I think the best fix here would be to make HFileBlock#allocateBuffer not 
include the checksum bytes in the capacity. The only challenge with that is we 
need to then handle the case in getBufferWithoutHeader() so we properly set the 
limit. Currently getBufferWithoutHeader() always passes {{false}} into 
{{{}getBufferWithoutHeader(boolean withChecksum){}}}. I think this would be a 
matter of changing {{false}} to {{{}!isUnpacked(){}}}. Since packed blocks 
would always have the checksum available, and unpacked would never.

So my suggestion ends up being a two-line change:
 * in HFileBlock#allocateBuffer(), remove {{cksumBytes}} from capacity
 * In HFileBlock#getBufferWithoutHeader(), pass {{!isUnpacked()}} instead of 
{{{}false{}}}.

We can validate this functionality with a new test in TestHFileBlockUnpack:
{code:java}
  @Test
  public void itUnpacksIdenticallyEachTime() throws IOException {
    Path path = new Path(TEST_UTIL.getDataTestDir(), name.getMethodName());
    int totalSize = createTestBlock(path);

    // Allocate a bunch of random buffers, so we can be sure that unpack will 
only have "dirty"
    // buffers to choose from when allocating itself.
    Random random = new Random();
    byte[] temp = new byte[HConstants.DEFAULT_BLOCKSIZE];
    List<ByteBuff> buffs = new ArrayList<>();
    for (int i = 0; i < 10; i++) {
      ByteBuff buff = allocator.allocate(HConstants.DEFAULT_BLOCKSIZE);
      random.nextBytes(temp);
      buff.put(temp);
      buffs.add(buff);
    }

    buffs.forEach(ByteBuff::release);

    // read the same block twice. we should expect the underlying buffer below 
to
    // be identical each time
    HFileBlock blockOne = readBlock(path, totalSize);
    HFileBlock blockTwo = readBlock(path, totalSize);

    ByteBuff bufferOne = blockOne.getBufferWithoutHeader(true);
    ByteBuff bufferTwo = blockTwo.getBufferWithoutHeader(true);

    // This assertion should succeed, but it fails on master.
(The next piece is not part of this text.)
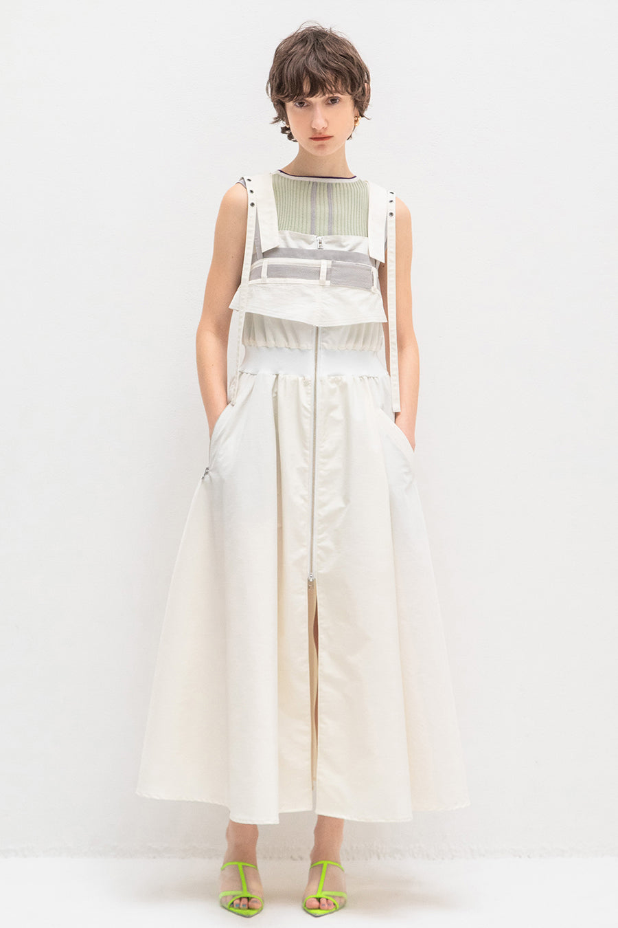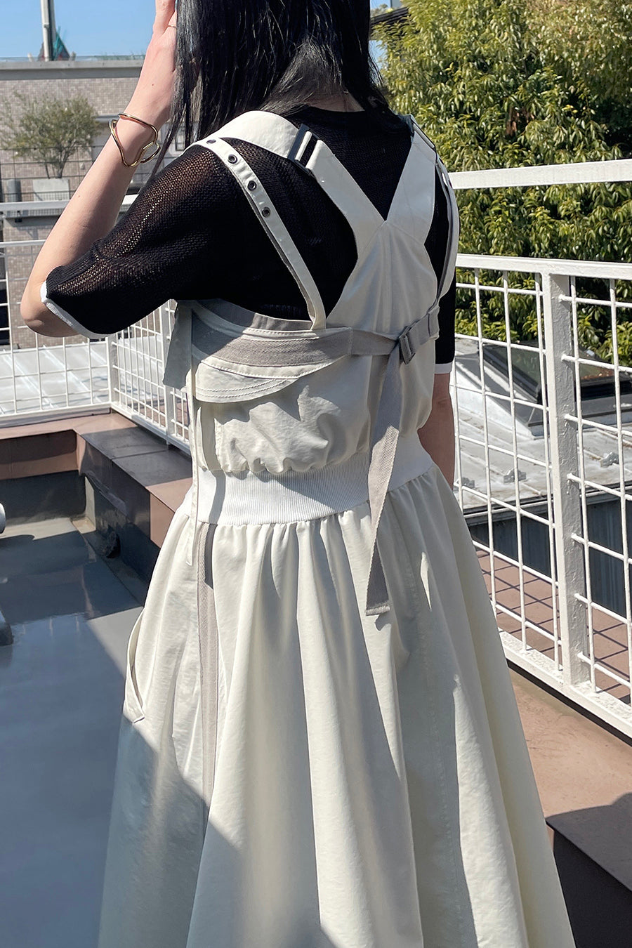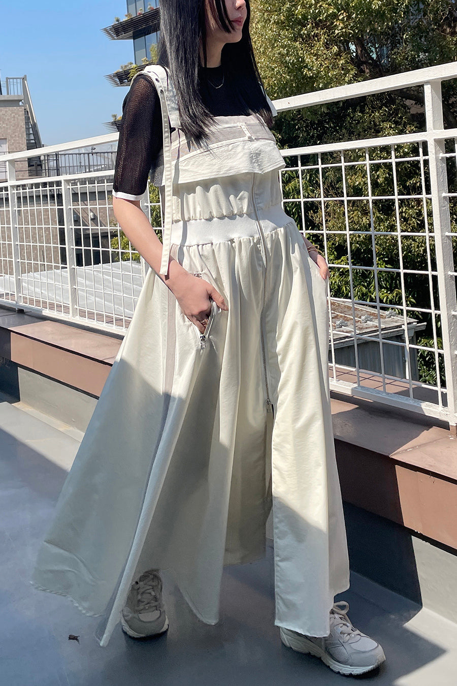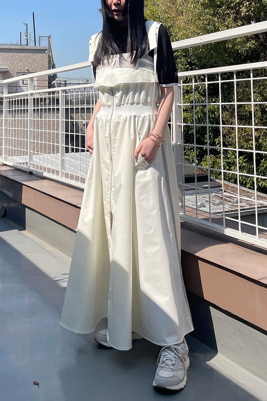 も◎肩紐は長さをバックルで調節が出来き、フロントはダブルジップアップなので、裾を開けてボトムやレギンスをレイヤードしてジレ風にも着用可能。ホワイ

It will succeed 
once
    // cksumBytes is removed from HFileBlock#allocateBuffer.
    assertEquals(0, ByteBuff.compareTo(bufferOne, 0, bufferOne.limit(), 
bufferTwo, 0 ,bufferTwo.limit()));
  } {code}
This test basically ensures that if you read the same block twice, they get the 
exact same underlying buffer. I think this is a good invariant to ensure.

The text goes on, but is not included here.